Внушительный внешне, большой, грузный, Щука предстаёт перед читателем, прежде всего, как человек со своей личной трагедией. «Интеллигент, инженер, коммунист», он прошёл через ужасы концлагеря, в концлагере погибла и его жена. Ему выпала нелёгкая задача возглавлять строительство новой Польши. Трудности послевоенной жизни осложнились для страны расколом в обществе: далеко не все приняли ставших у власти коммунистов с энтузиазмом. Бывшие аковцы выражают свой протест террористическими актами. Один из этих актов направлен на самого Щуку, но случайность сделала жертвами террористов простых рабочих. Их товарищи задают Щуке вопрос: «Сколько ещё таких людей должно погибнуть? Это ведь не первые!» — «И не последние, — быстро отозвался Щука. — А вас это пугает?»
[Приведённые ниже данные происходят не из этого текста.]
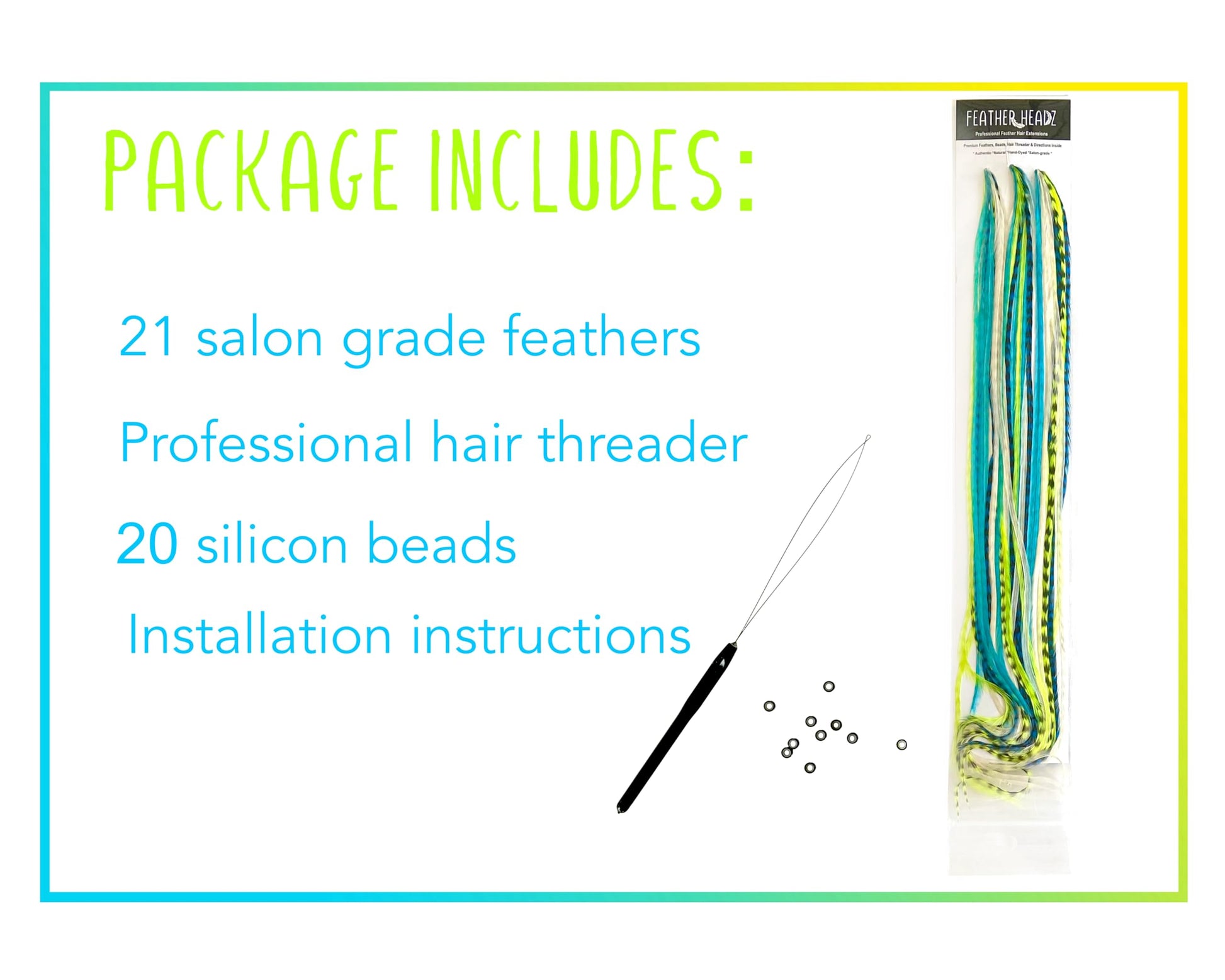 21 Neon Green & Turquoise Color Hair Feathers - 9”- 14” Long - Feathers for Hair Extension, Hair Extension DIY Kit - Eye-Catching Design - 20 Micro-link Beads - 100% Real Rooster Feathers

Свою позицию Щука развивает в последних главах романа, в траурной речи на похоронах случайно погибших рабочих. Это типичный образец пламенной речи партийного руководителя, ему свойственны как сильные, так и слабые стороны подобных монологов в произведениях литературы социалистического реализма — да и в жизни. Идейная убеждённость сочетается в нём со штампами, яркость — с откровенным схематизмом: «Борьба за Польшу только началась. Это борьба за то, каким будет мир. Сегодня, завтра, послезавтра каждый из нас может погибнуть в этой борьбе. И снова, как и в минувшие годы, хотя враг теперь другой, мы должны платить за нашу правду жертвами. Пусть это вас не пугает, товарищи. Во имя веры в человека и человечество, во имя народного братства почтим, товарищи, в этих двух убитых наших братьях рыцарей правды и мира. Слава им и вечная память».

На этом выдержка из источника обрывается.